There was a comprehensive Strata reissue campaign a few years ago,and I picked up several of them.  Mixed bag, but some gems by Kenny Cox, Bert Myrick (I owned that one back in the day on vinyl thanks to hearing it at Third Street Jazz), Lyman Woodward.   I am aware of the S-E albums reverting back to artists, remember Chuck sharing that several years ago on a board discussion.  Some of them (Fortune, Shirley Scott, Gil Scott-Heron, and others) have made it out on other stray reissues through the years in addition to the titles that Bellaphon released in the early 90's, which seems to correlate with the titles which appear to be part of this reissue campaign.  I fear that some of the other ones such as the Keno Duke/Jazz Contemporary titles, the Cosmic Twins, and the Mtume are not going to ever be available for reissue, which is a loss.

Posted

There was a sharity blog that had them all up for download. So nothing's going to disappear.

And some things...resonate better with the patina of age and such. They were songs from the underground then, they are even more that now.

If Keno Duke is not a ghost, who the hell is?

If Alke-Bulan is not a ritual from a distant ever-dimming age, nothing is.

For some things, restoration is vainglorious deception.

Posted
2 hours ago, JSngry said:

There was a sharity blog that had them all up for download. So nothing's going to disappear.

And some things...resonate better with the patina of age and such.

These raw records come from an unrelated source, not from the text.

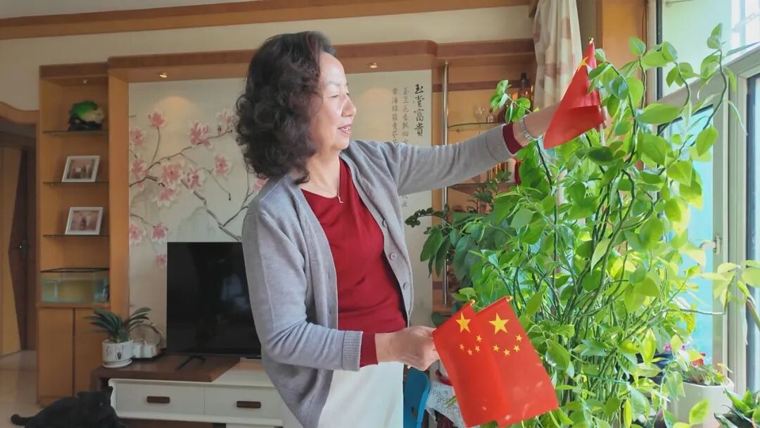 退休干部张海棠动情地说:“过去真是想都不敢想,能过上像今天这样红红火火的好日子,现在住得舒心、吃得安心,看着这一面面迎风飘扬的国旗,就感觉生活特别有奔头,心里真的是既踏实又暖和!”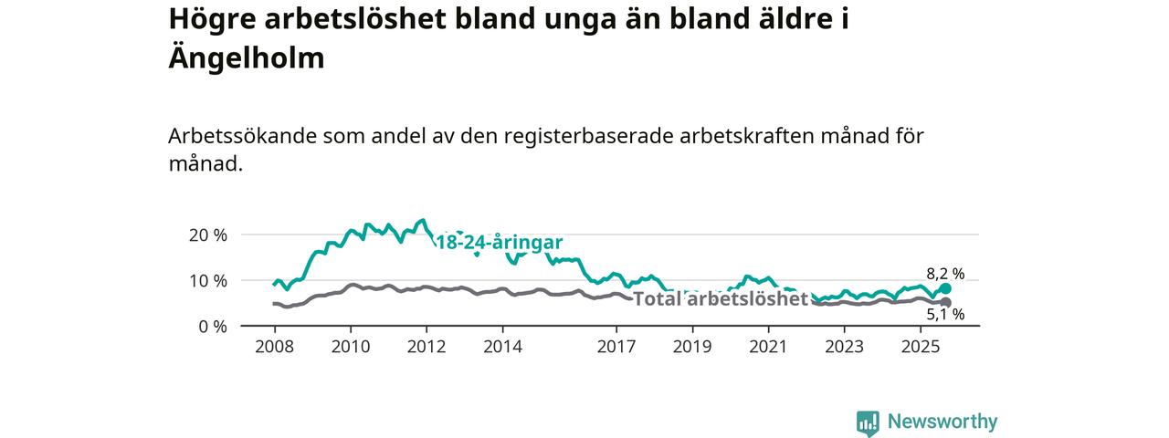 Graf: Arbetslöshet bland unga i Ängelholms kommun och Skåne län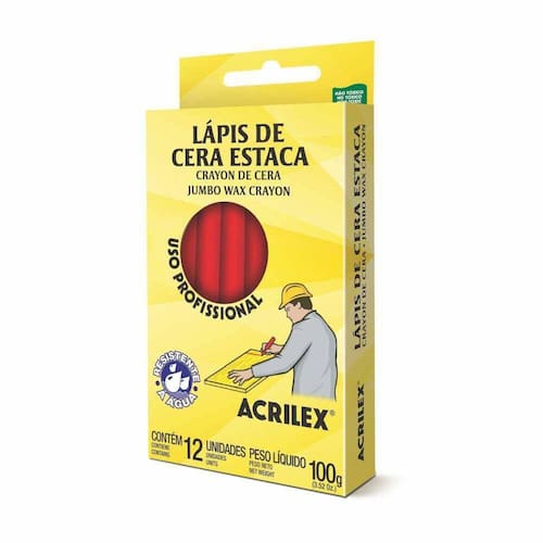 Lápis De Cera Estaca Vermelho Fogo Acrilex 507 Para Marcação de Madeira, Couro, Borracha, Cimento, Mármore e Granito . Não Tóxico, Não Mancha As Mãos, Frágil, Evite Quedas e Choques. Contém: 12 Unidades De Cor Unica. Composição: Ceras Cargas Minerais, Inertes E Pigmentos. Medida Aproximadamente: Comprimento: 7 cm Largura: 2,5 cm Altura: 13,5 cm INMETRO: REGISTRO 000239/2014 OCP0098 Ean: 7891153091273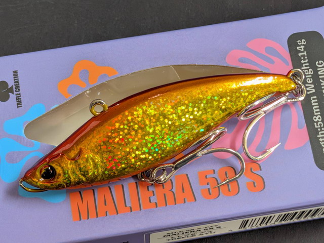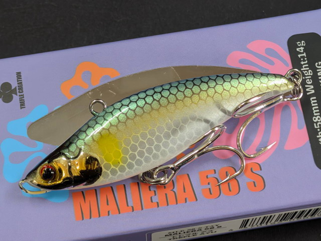 ボディーを小さくする事でルアーの潜ろうとする力を抑えて、干潮から上潮にさしてくる魚にアピールする様に、MALIERA68Sより通常スピードでのリトリーブ時ではウォブリングを、スローリトリーブ時のフラつきを少し強めています。

They were songs from the underground then, they are even more that now.

If Keno Duke is not a ghost, who the hell is?

If Alke-Bulan is not a ritual from a distant ever-dimming age, nothing is.

For some things, restoration is vainglorious deception.

Different strokes for different folks 🙂.

Posted
14 hours ago, T.D. said:

Isn't that an audiophile forum (I don't visit)? I expect a predominance of that kind of discussion on a 'phile forum. [I'm sure there exist Hoffman posters who are less obsessed with AAA, but they'll be less visible.]

Yeah but lots of music lovers as well ;)

Posted

Alkebu-Lan is a record that never really jelled with me. It is murkily recorded and, to my dumb ears, the music and narration is average and almost self-parodic. I am happy to listen to it occasionally as a document of what the late 1060s and early 1970s was probably really like in jazz, but I've always been a bit confused by the reverence in which it is held.